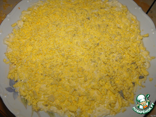 | Отличный салат и поэтому настоятельно рекомендую всем. А Вам - для получения горы комплиментов от ваших едоков. Нежнейшая консистенция, и прекрасно сбалансированный вкус не оставляет ему никаких шансов остаться несъеденным. Не могу показать, как получилось внутри, так как готовила на ДР, не было времени фотографировать. Приятного аппетита!!! |
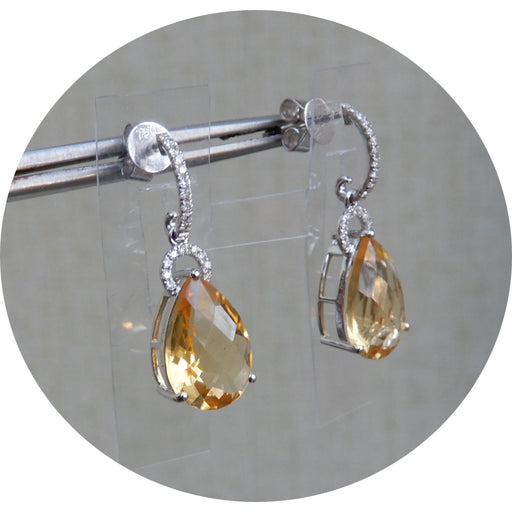 Oorhangers, Citrien, Diamant, 18K Witgoud
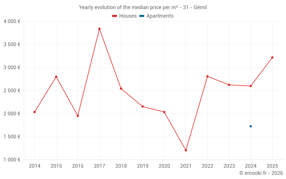 Real estate price map in the municipality of Gémil, choose a section to see transactions by parcel.
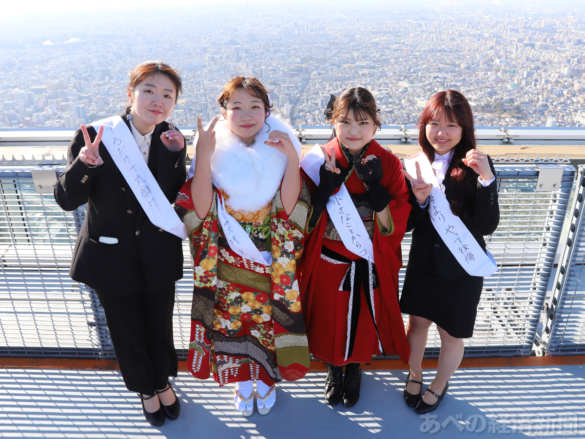 あべのハルカス(大阪市阿倍野区)で成人の日の1月12日、20歳を迎えた参加者が展望台までの階段を歩く恒例イベント「第12回 ハルカスウォーク ハタチのチャレンジ」が行われた。

=== TASK BRIEF ===
Leaving out the pictures, repeat the data above exactly.

=== OUTPUT ===
 | Отличный салат и поэтому настоятельно рекомендую всем. А Вам - для получения горы комплиментов от ваших едоков. Нежнейшая консистенция, и прекрасно сбалансированный вкус не оставляет ему никаких шансов остаться несъеденным. Не могу показать, как получилось внутри, так как готовила на ДР, не было времени фотографировать. Приятного аппетита!!! |
 Oorhangers, Citrien, Diamant, 18K Witgoud
 Real estate price map in the municipality of Gémil, choose a section to see transactions by parcel.
 あべのハルカス(大阪市阿倍野区)で成人の日の1月12日、20歳を迎えた参加者が展望台までの階段を歩く恒例イベント「第12回 ハルカスウォーク ハタチのチャレンジ」が行われた。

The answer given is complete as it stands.